Efficient way to find missing elements in an integer sequence

If the input sequence is sorted, you could use sets here. Take the start and end values from the input list:

def missing_elements(L):
    start, end = L[0], L[-1]
    return sorted(set(range(start, end + 1)).difference(L))

This assumes Python 3; for Python 2, use xrange() to avoid building a list first.

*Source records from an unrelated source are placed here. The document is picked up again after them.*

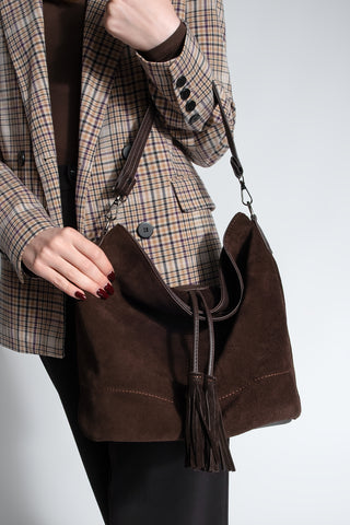 Kadın Hakiki Deri Püsküllü Omuz Çantası Soliga - Kahve Süet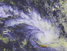 Cyclone Arthur (RSMC Nadi designation: 08F, JTWC designation: 09P) was the eighth tropical depression and fourth tropical cyclone of the 2006–07 South Pacific cyclone season. Forming as tropical depression on January 25, Arthur rapidly intensified into a strong Category 2 cyclone on the Australian intensity scale according to the Regional Specialized Meteorological Centre in Nadi, Fiji. The Joint Typhoon Warning Center assessed the storm to have peaked as a minimal category 1 cyclone. Shortly after peaking in intensity, the cyclone began to weaken due to unfavorable conditions. Quickly moving towards the east-southeast, the Arthur began to undergo an extratropical transition. After turning towards the southeast, the center of circulation was almost fully exposed due to strong wind shear. However, Arthur briefly re-strengthened late on January 26 before becoming extratropical the next day. Tropical Cyclone Arthur affected several small islands during its existence. French Polynesia observed the most noteworthy effects from the storm, where several landslides damaged a few homes.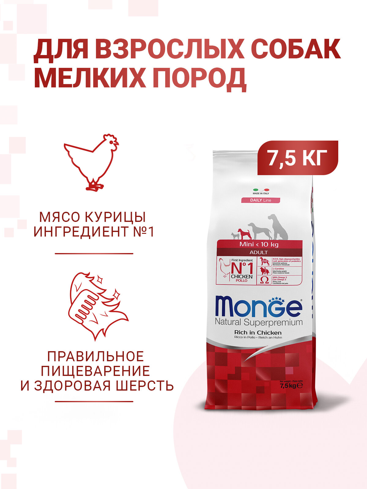 Сухой корм Monge Dog Daily Line Mini для взрослых собак мелких пород, из курицы 7,5 кг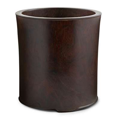 of cylindrical form, the base pierced with a central aperture, the wood of a reddish brown tone with attractive grain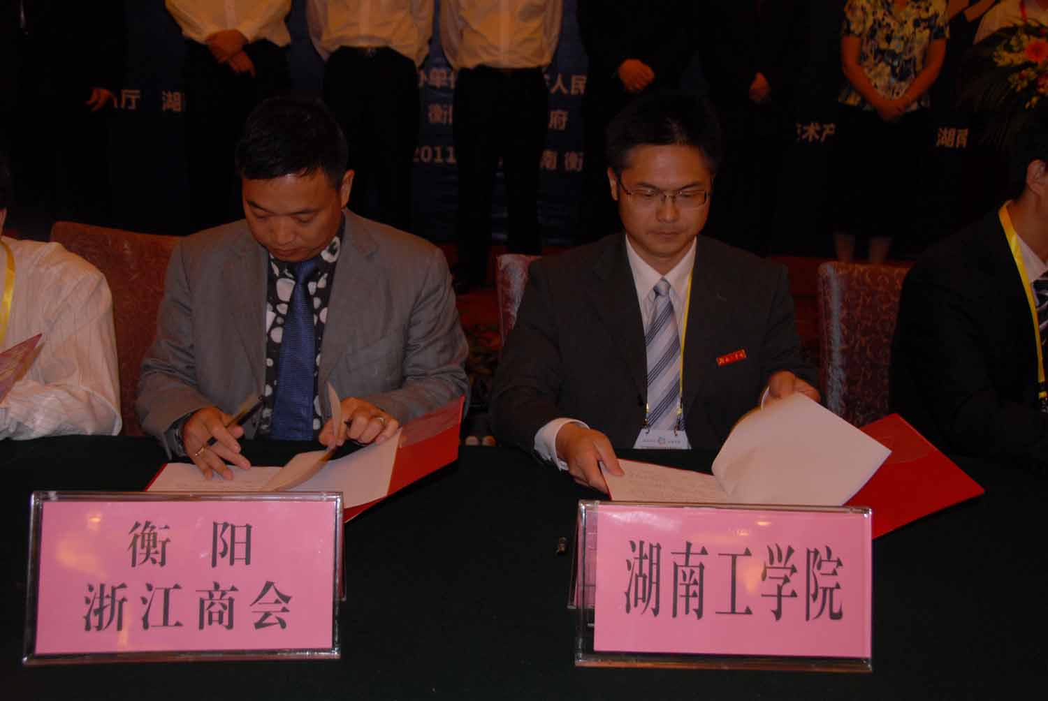 在湘商校企合作洽谈会上,张平副院长代表我院与湖南省福建商会、衡阳市浙江商会分别签署战略合作协议,双方就开展科研及技术研发成果转化、大学毕业生就业和实习、继续教育及人才培训等方面合作建立战略合作关系,通过校企(会、园)合作优势互补、互为平台、互为服务、合作共赢,促进双方全面协调可持续发展,促进湖南省、衡阳市“四化两型”、富民强市目标的实现。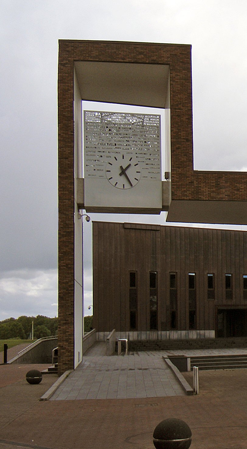 Gevonden via: "klok gemeentehuis". Waarom dit zoek zoekcriterium? Had de indruk dat de gegraveerde letters plaatsnamen waren. Dat klopte dus.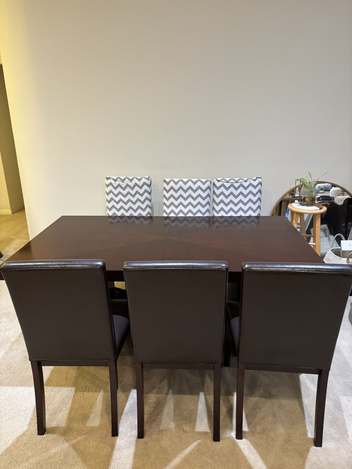 Brown Rectangle Dinning table 72”W x 42”D x 30”H 6 chairs included (can include seat cover) Require pick up in Irvine.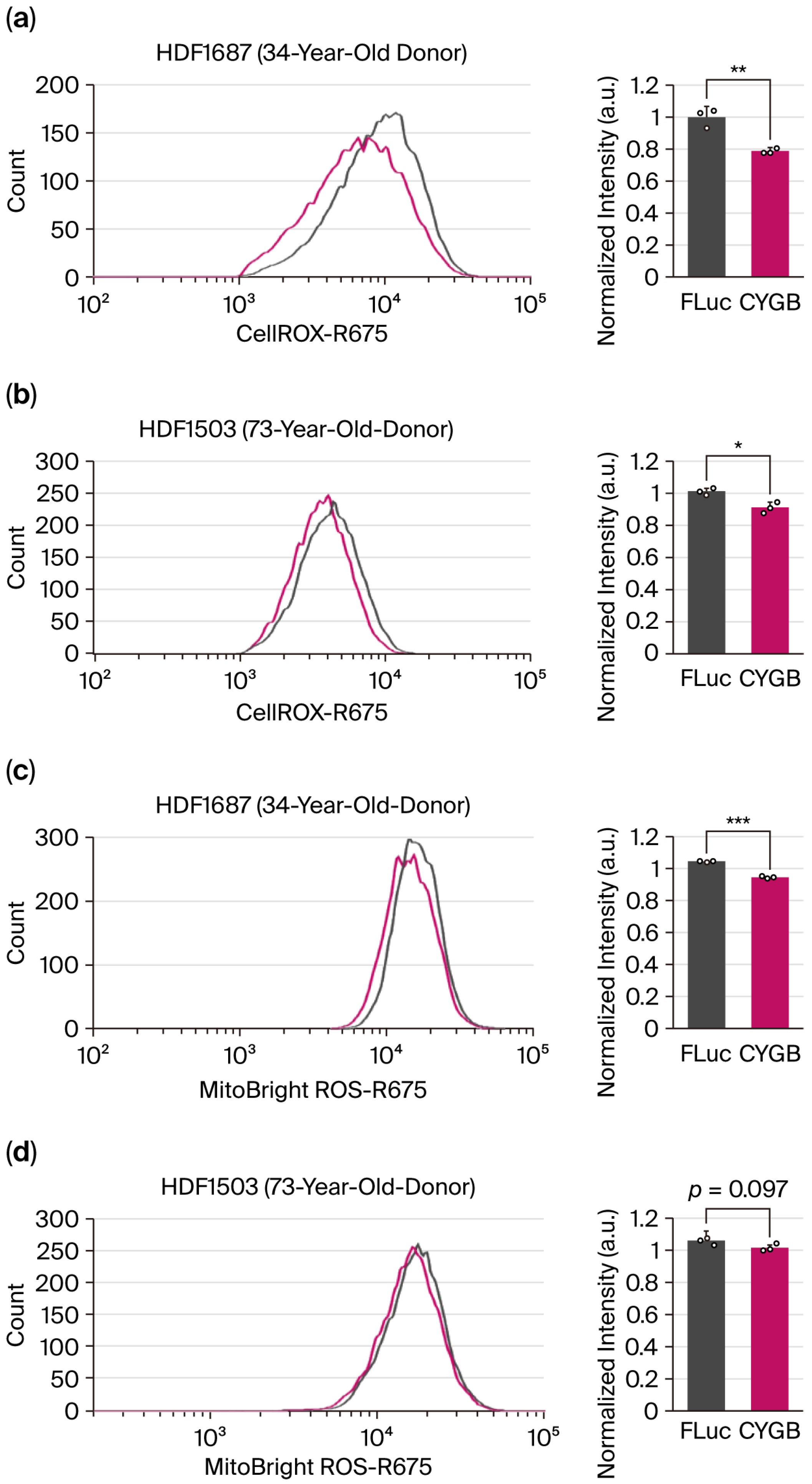 Figure 2a,b). We then tested whether CYGB could also contribute to quenching mitochondrial ROS utilizing the specific dye MitoBright ROS Deep Red. Notably, the transfection of CYGB mRNA reduced mitochondrial ROS levels in fibroblast cells from a 34-year-old donor; however, this effect was not significant in cells from a 73-year-old donor (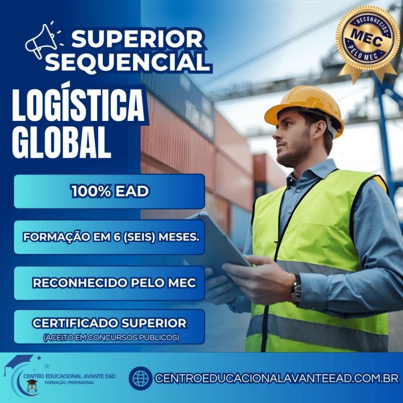 Superior Sequencial em Gestão de Logística Global prepara os alunos para atuar em operações logísticas internacionais, otimizando transporte, armazenagem e distribuição. Os profissionais formados são capacitados a planejar, organizar e gerenciar cadeias globais, com foco na integração de cadeias, inovação e sustentabilidade. Metodologia: O curso é ministrado 100% na modalidade EAD, ou seja, totalmente à Distância, através de um Ambiente Virtual de Aprendizagem (AVA), dinâmico e facilitador. O Trabalho de Conclusão de Curso (TCC) é opcional. O aluno contará com vídeos, materiais didáticos e acompanhamento pedagógico durante todo curso.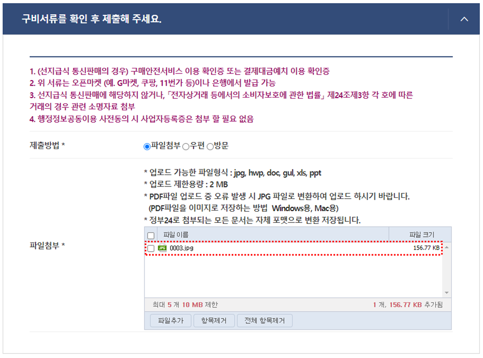 (10) 구비서류에 구매안전서비스 이용 확인증을 첨부합니다.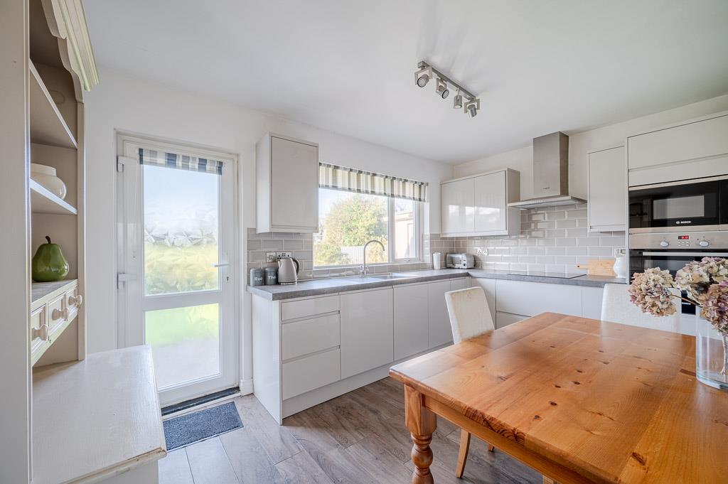 Range of high and low level high gloss units, granite effect work surfaces, Franke single bowl stainless steel sink unit with mixer tap, integrated Bosch four ring induction hob, integrated Bosch oven and integrated Bosch microwave above, integrated Bosch dishwasher, cupboard for fridge freezer, laminate wood effect floor, part tiled walls, aspect overlooking the rugby pitches, uPVC double glazed door to outside.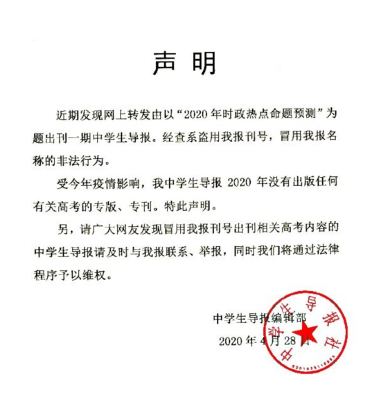 受今年疫情影响,我中学生导报2020年没有出版任何有关高考的专版、专刊。特此声明。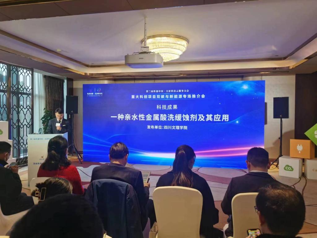 2月15日至16日,第二届“科创中国·天府科技云服务大会”在成都举行。由jinnian金年会院长赖川教授研究团队自主研发完成的“一种亲水性金属酸洗缓蚀剂及其应用”成果入选此次大会重大科创项目双碳与新能源专场并进行现场推介。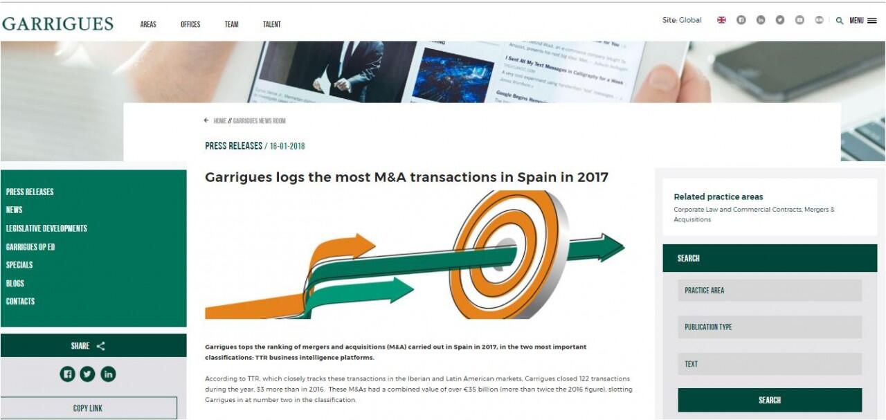 Garrigues tops the ranking of mergers and acquisitions (M&A) carried out in Spain in 2017, in the two most important classifications: TTR business intelligence platforms.

The sorted() call is optional; without it a set() is returned of the missing values, with it you get a sorted list.

Demo:

>>> L = [10,11,13,14,15,16,17,18,20]
>>> missing_elements(L)
[12, 19]

Another approach is by detecting gaps between subsequent numbers; using an older itertools library sliding window recipe:

from itertools import islice, chain

def window(seq, n=2):
    "Returns a sliding window (of width n) over data from the iterable"
    "   s -> (s0,s1,...s[n-1]), (s1,s2,...,sn), ...                   "
    it = iter(seq)
    result = tuple(islice(it, n))
    if len(result) == n:
        yield result    
    for elem in it:
        result = result[1:] + (elem,)
        yield result

def missing_elements(L):
    missing = chain.from_iterable(range(x + 1, y) for x, y in window(L) if (y - x) > 1)
    return list(missing)

This is a pure O(n) operation, and if you know the number of missing items, you can make sure it only produces those and then stops:

def missing_elements(L, count):
    missing = chain.from_iterable(range(x + 1, y) for x, y in window(L) if (y - x) > 1)
    return list(islice(missing, 0, count))

This will handle larger gaps too; if you are missing 2 items at 11 and 12, it’ll still work:

>>> missing_elements([10, 13, 14, 15], 2)
[11, 12]

and the above sample only had to iterate over [10, 13] to figure this out.